Oder eben das _Change-Ereignis, um auch kopierten Text zu überprüfen. 

Um auf numerische Werte zu überprüfen, kannst Du mit 'IsNumeric' oder 'Not IsNumeric' arbeiten.


----------



## Christoph1972 (27. März 2005)

Cool Danke das hift mir weiter! Aber nähere Infos zu dem Change_Event hätte ich schon gerne  

Gruß Christoph


----------



## Christoph1972 (27. März 2005)

Hallo,


diese die Methode gefällt mir erst mal gut:

Private Sub Text1_KeyPress(KeyAscii As Integer)
 If InStr("0123456789,", Chr$(KeyAscii)) = 0 And KeyAscii <> vbKeyBack Then KeyAscii = 0
End Sub

Nur habe ich sehr viele Textfelder, gibt es eine elegante Lösung wie ich diese Methode auf alle Textfelder übertragen kann?
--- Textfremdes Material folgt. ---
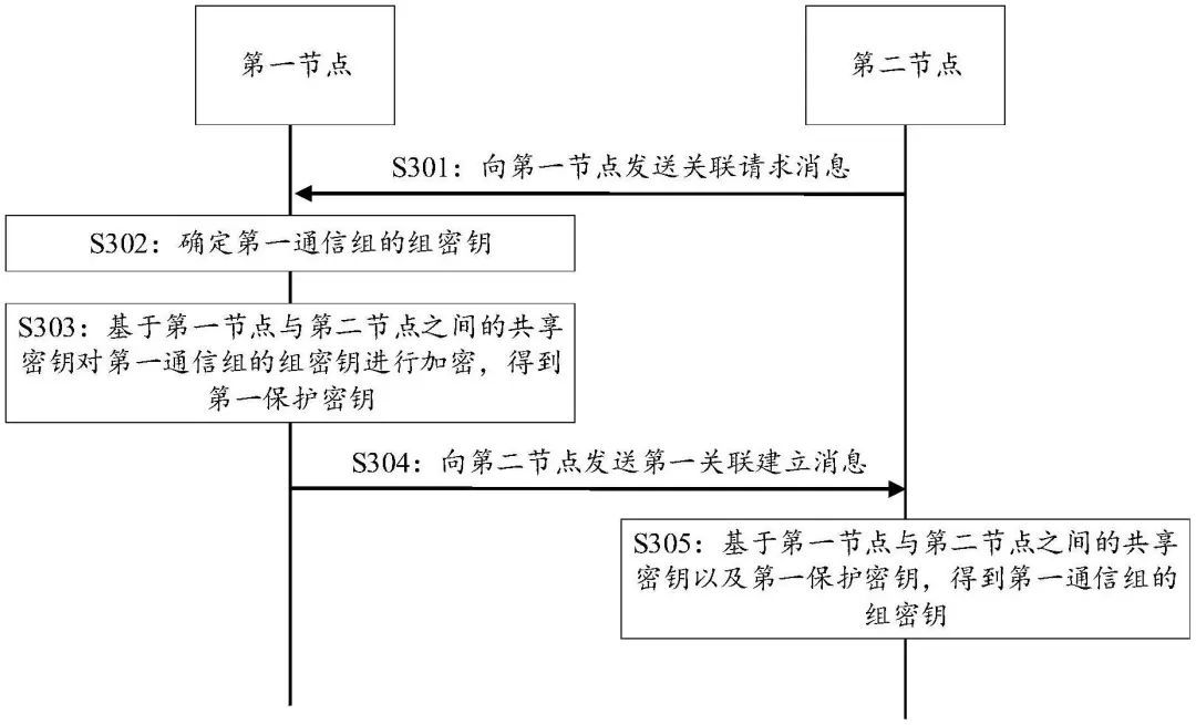 专利摘要显示,本申请实施例提供一种通信方法及装置,应用于支持短距离通信的节点中,例如蓝牙或者车载短距通信系统中,该方法包括:接收来自第二节点的关联请求消息;确定第一通信组的组密钥,其中,第一通信组为第二节点所在的通信组;基于第一节点与第二节点之间的共享密钥对第一通信组的组密钥进行加密,得到第一保护密钥;向第二节点发送第一关联建立消息,该第一关联建立消息包括第一保护密钥。采用本申请实施例,能够提高组播通信的安全性。

Oder muß ich jedem Feld die Eigenschaft einzeln verpassen. In meinem Buch steht was das das mit der KeyPreview geht, aber das funktioniert nicht. 

Schön wäre auch, wenn eine Meldung kommt wenn jemand auf die Punkttaste drückt, da unser altes Programm nur Punkteingaben zugelassen hat und die Kollegen nun aus Gewohnheit den Punkt nehmen. Hätte da wer ne Idee wie ich so einen Syntax mit einbinden kann?

Gruß
Christoph


----------